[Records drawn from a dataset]
--- --- ---
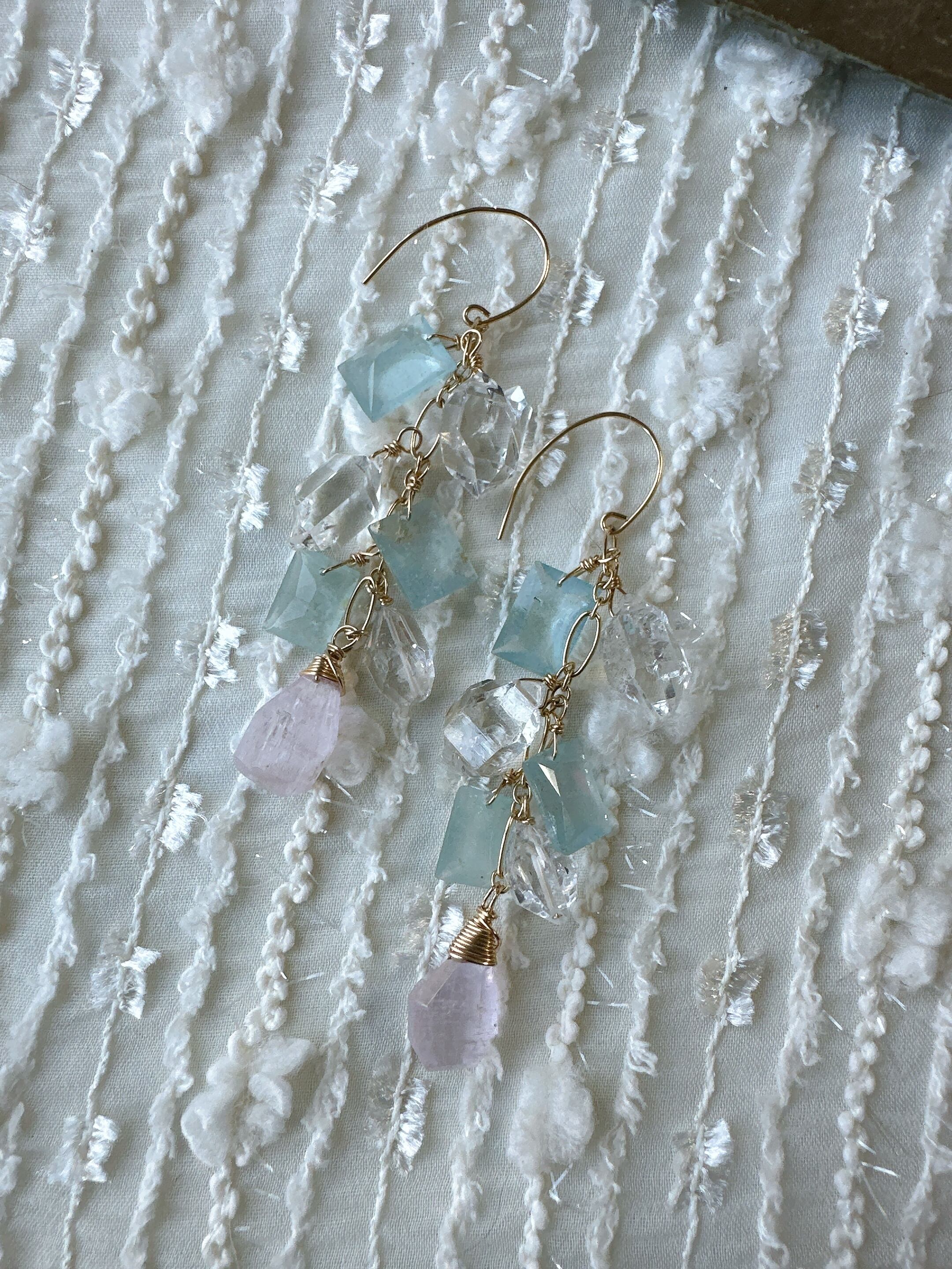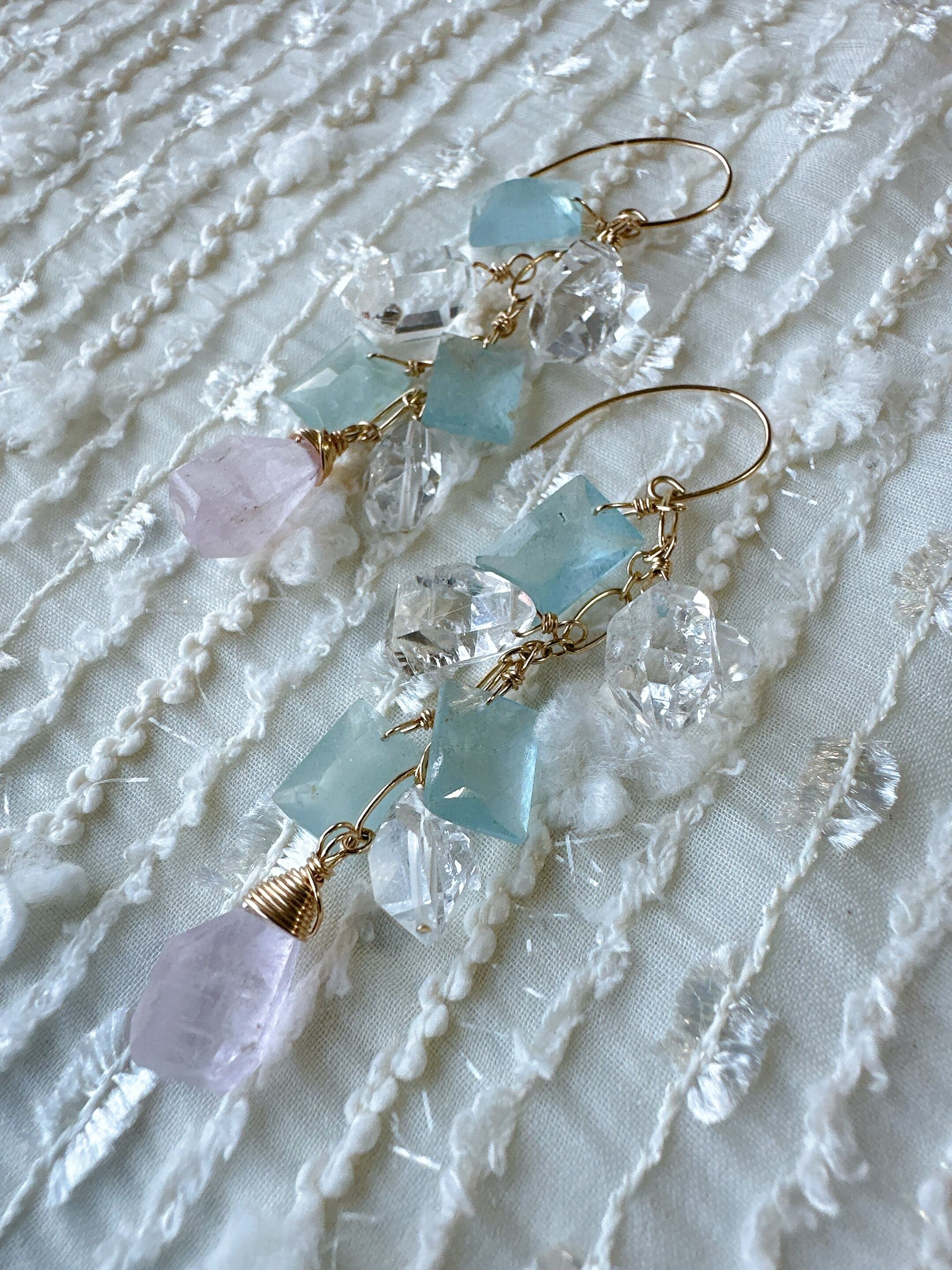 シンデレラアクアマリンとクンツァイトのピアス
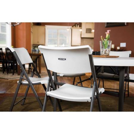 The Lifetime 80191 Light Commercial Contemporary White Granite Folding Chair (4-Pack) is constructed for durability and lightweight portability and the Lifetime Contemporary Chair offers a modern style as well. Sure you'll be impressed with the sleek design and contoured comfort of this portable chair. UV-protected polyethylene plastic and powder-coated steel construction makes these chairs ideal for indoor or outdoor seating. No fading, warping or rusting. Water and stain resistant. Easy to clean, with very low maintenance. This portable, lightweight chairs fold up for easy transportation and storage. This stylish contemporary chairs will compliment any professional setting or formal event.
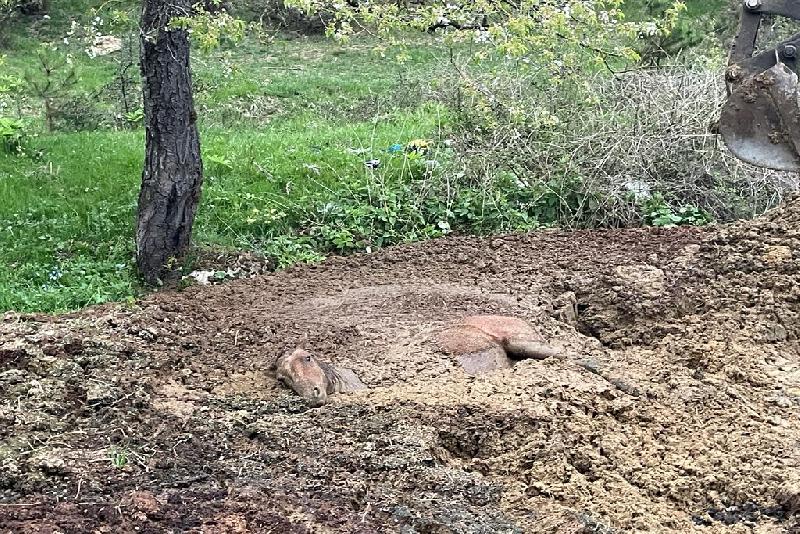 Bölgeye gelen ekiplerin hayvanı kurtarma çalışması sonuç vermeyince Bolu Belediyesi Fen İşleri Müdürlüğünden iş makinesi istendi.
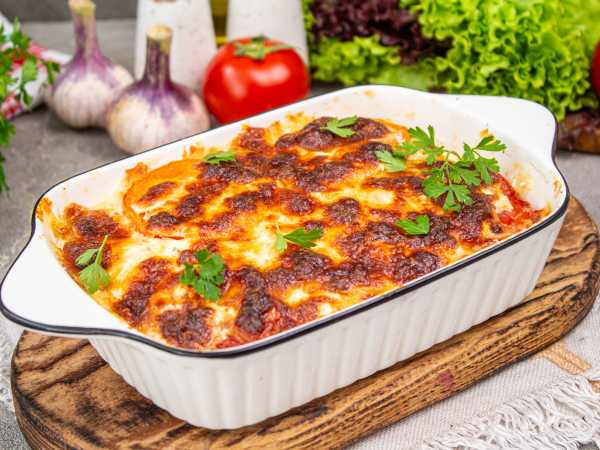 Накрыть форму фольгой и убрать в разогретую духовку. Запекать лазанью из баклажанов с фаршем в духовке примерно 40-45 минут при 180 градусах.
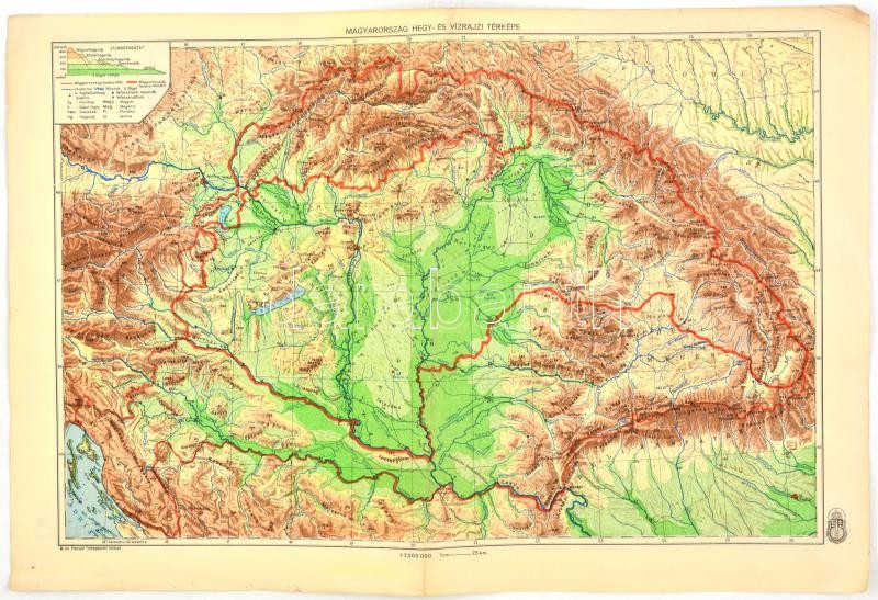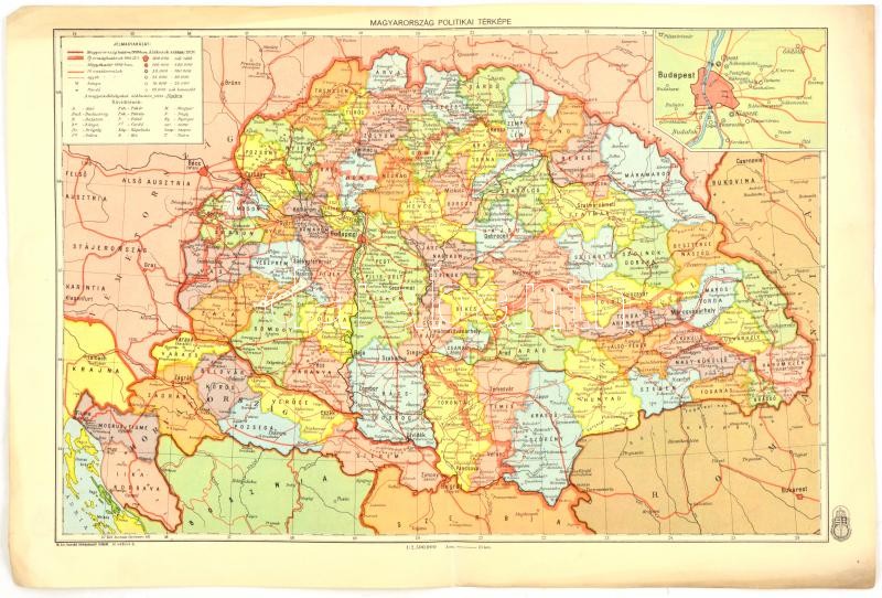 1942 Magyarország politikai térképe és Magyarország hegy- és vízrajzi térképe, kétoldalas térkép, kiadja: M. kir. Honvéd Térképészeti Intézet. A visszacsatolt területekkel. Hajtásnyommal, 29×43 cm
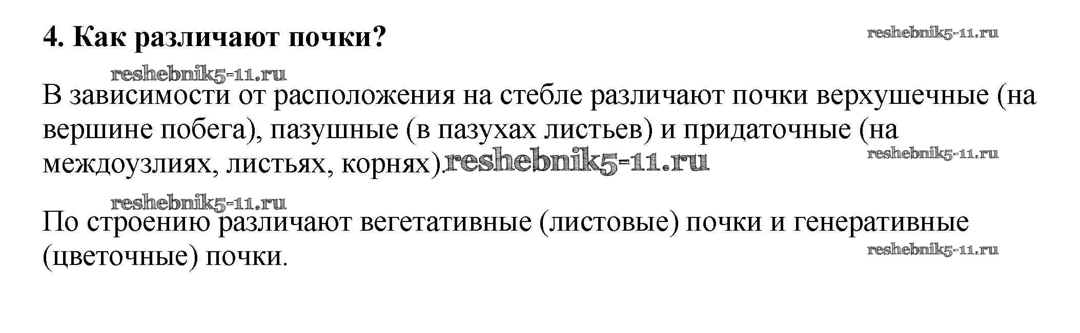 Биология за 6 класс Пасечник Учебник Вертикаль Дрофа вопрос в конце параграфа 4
--- --- ---
WHAT THIS TASK INVOLVES: Please repeat, exactly and with nothing else, the lines from the one containing "1942 Magyarország politikai" to the last line of the entries, both included, excluding any pictures.

ANSWER SECTION:
 1942 Magyarország politikai térképe és Magyarország hegy- és vízrajzi térképe, kétoldalas térkép, kiadja: M. kir. Honvéd Térképészeti Intézet. A visszacsatolt területekkel. Hajtásnyommal, 29×43 cm
 Биология за 6 класс Пасечник Учебник Вертикаль Дрофа вопрос в конце параграфа 4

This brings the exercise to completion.